*PROBLEM DESCRIPTION*
Without including any pictures, copy every line below exactly.

*INPUT DATA*
------------------------------------

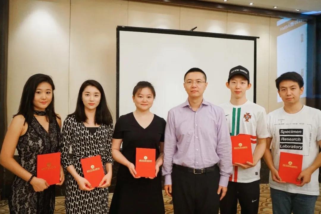 图为杨慕融(左一)荣获FMBA道口奖学金时与田轩老师(右三)合影
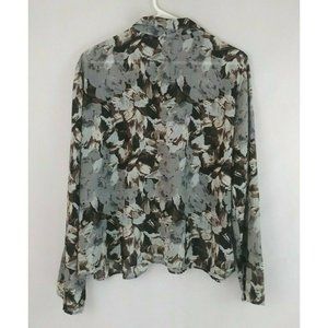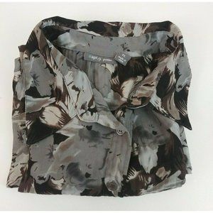 Apt 9 Petite Gray, Brown, & Black Floral Button Up Sheer Silky Blouse Size PL
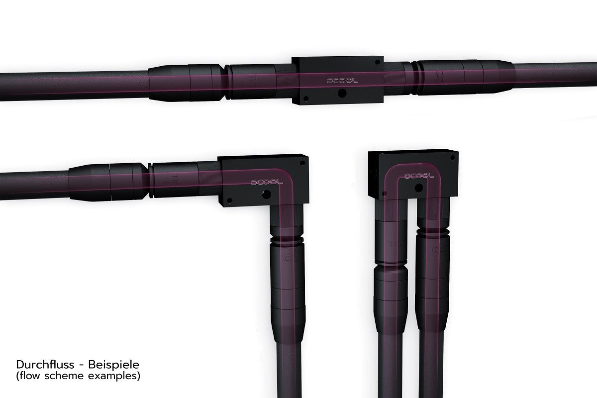 The ES Distro Plate C1 has a total of 4 G1/4 connections with 5mm deep threads. There are 2 connections at the front and one connection thread at each front side. Please refer to the enclosed instructions to connect the components correctly. Due to the various configuration options, all components in the loop can be connected to the Distro Plate very easily. Of course, several ES Distro Plates can be connected in series.

------------------------------------

*SOLVED EXERCISE*
 图为杨慕融(左一)荣获FMBA道口奖学金时与田轩老师(右三)合影
 Apt 9 Petite Gray, Brown, & Black Floral Button Up Sheer Silky Blouse Size PL
 The ES Distro Plate C1 has a total of 4 G1/4 connections with 5mm deep threads. There are 2 connections at the front and one connection thread at each front side. Please refer to the enclosed instructions to connect the components correctly. Due to the various configuration options, all components in the loop can be connected to the Distro Plate very easily. Of course, several ES Distro Plates can be connected in series.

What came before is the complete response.